I cooked them again last night  – using green figs this time. I ate half for dessert and I am looking forward to finishing the rest with muesli for breakfast.

Here is the original post.

The recipe is based on something from Gordon Ramsay’s Ultimate Cookery Course. The caramelisation of the figs comes from creating a toffee syrup and adding butter and balsamic vinegar.

Ingredients

4 firm black figs

2 tbs icing sugar

2 tbls balsamic vinegar

4 tbs caster sugar

20 g butter, divided into knobs

Method

Preheat the oven to 160 degrees C.

Place figs in a bowl and sprinkle with icing sugar. Drizzle over 1tablespoon of balsamic vinegar. Roll the figs in the icing sugar and balsamic to make sure they are well covered.
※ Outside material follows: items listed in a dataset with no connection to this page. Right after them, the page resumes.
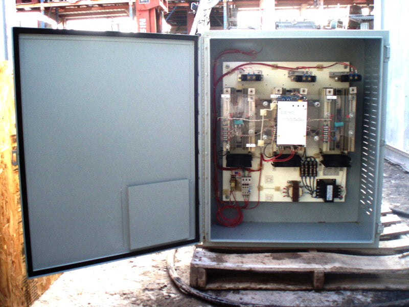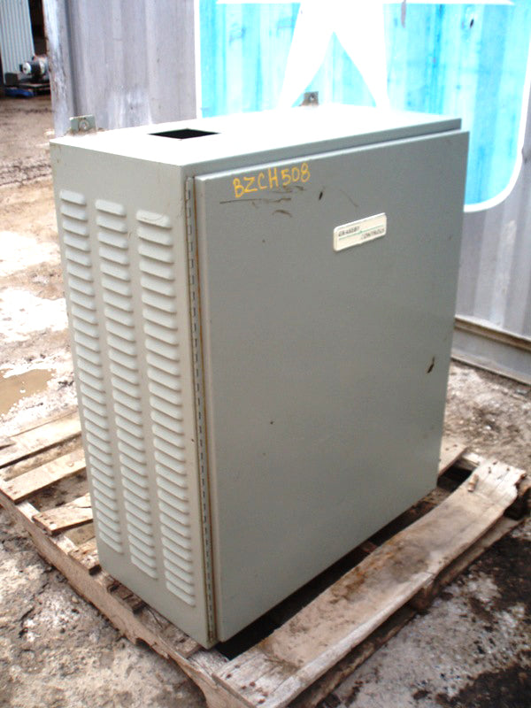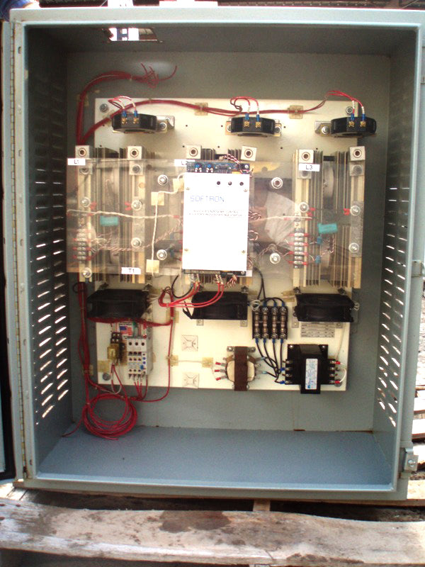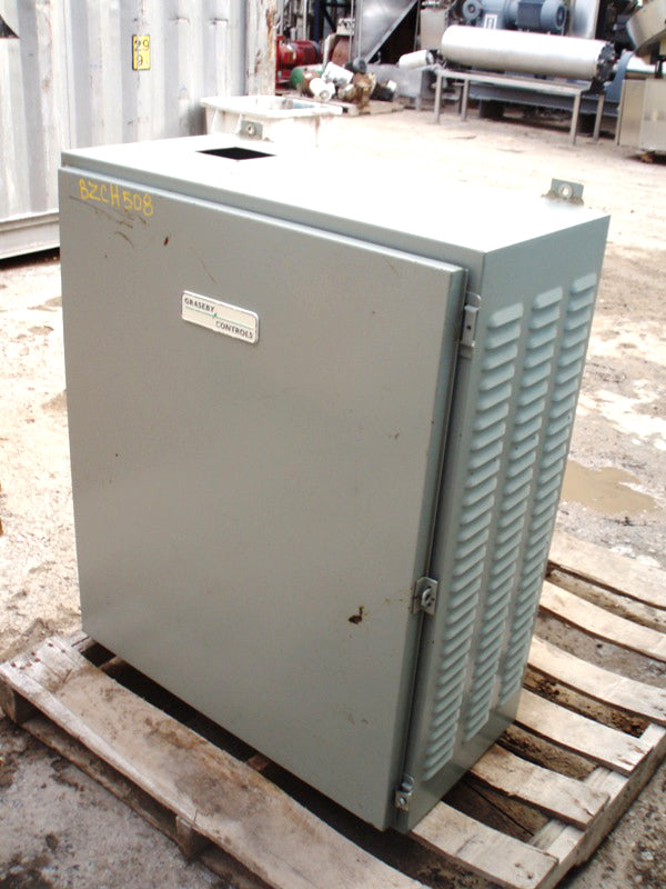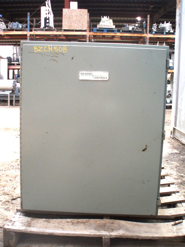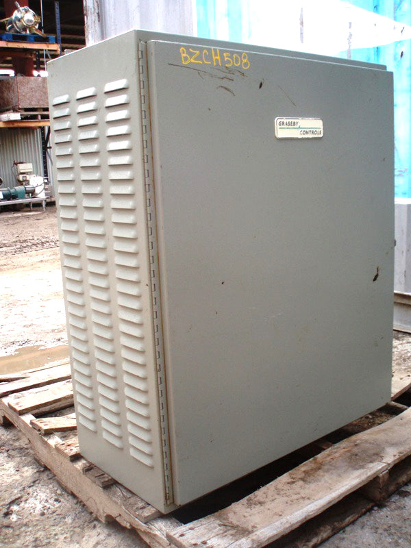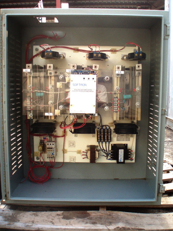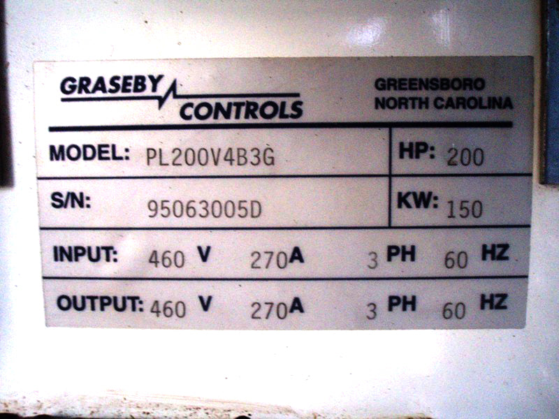Graseby Soft Start Motor Starter – 200 HP. Model: PL200V4B3G. S/N: 95063005D. Input: 460 V, 270 amps, 60 Hz, 3 phase. Output: 460 V, 270 amps, 60 Hz, 3 phase, 150 KW. Overall dimensions: 2 ft. 6-1/4 in. L x 1 ft. 3 in. W x 3 ft. 2 in. H.
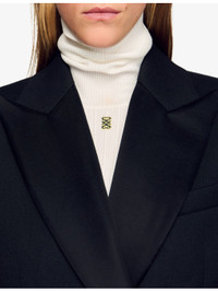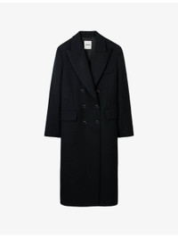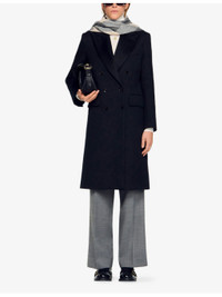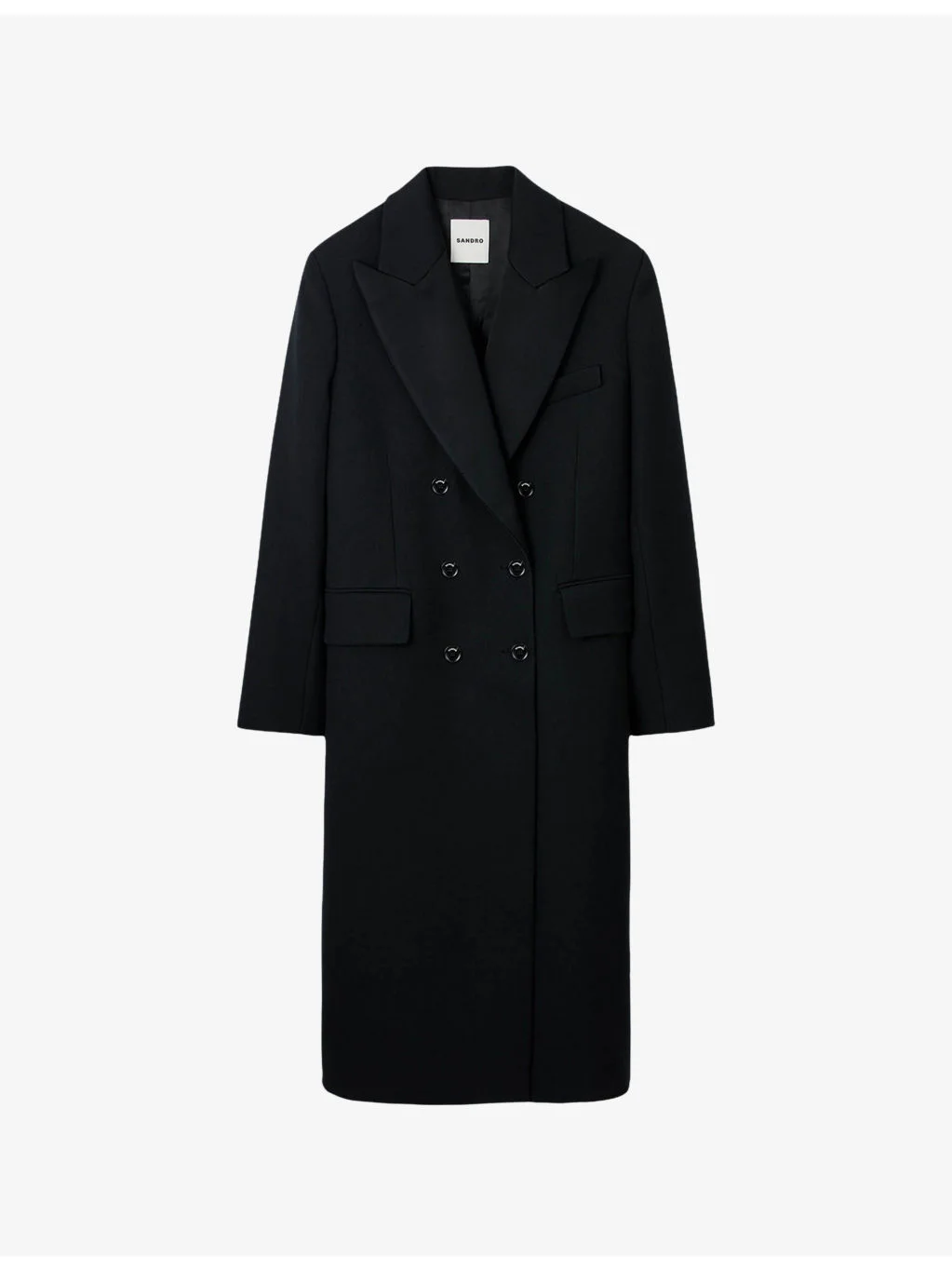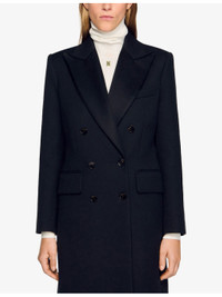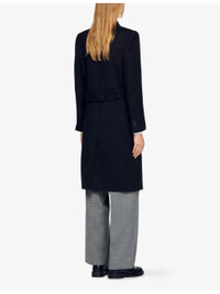 PRODUCT DETAILS - SANDRO woven coat - 52% cotton, 31% polyester, 17% virgin wool - Exposed button fastening at front - Double-breasted, peak lapels, one welt pocket at chest, two flap pockets at front, darted, buttoned martingale at the back, single vent at back - Dry clean - True to size - Model is 5ft 9in/1.75m and wears a size UK 8 - Midweight, non-stretch Ref: R04501227
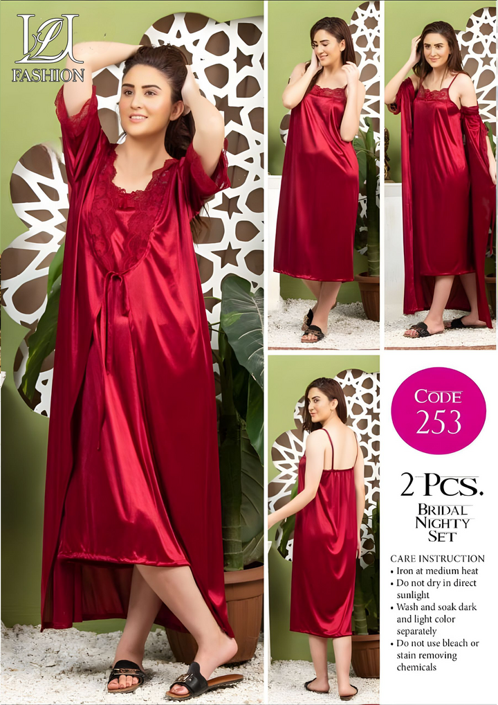 Experience elegance and comfort with this Luxury Bridal Nighty 2-Piece Pajama Set, designed to enhance your special moments. Crafted with premium fabrics, this set combines a delicate nighty and matching pajama bottoms for a harmonious blend of softness and sophistication. Perfectly tailored for a flattering fit, it offers breathable comfort throughout the night while maintaining a refined, luxurious appearance. Ideal for brides seeking both beauty and ease, this ensemble adds a touch of graceful charm to your bridal wardrobe.

Melt the caster sugar in an oven proof dish or frying pan over a low heat. The sugar will melt and turn a deep caramel colour. Be careful not to stir the sugar as it will crystallize.

Add the knobs of butter, stirring carefully to amalgamate. Add the other tablespoon of balsamic and 1 tablespoon of water. Carefully taste – the sauce is hot – and add a little more vinegar if the sauce needs more piquancy, or a little more water if the sauce is too thick.

Add the figs and gently baste with the liquid.

Place the dish in the preheated oven for 15 minutes.

Baste the figs a couple of times during cooking.

Serve warm or at room temperature with thick cream for dessert or yoghurt for breakfast.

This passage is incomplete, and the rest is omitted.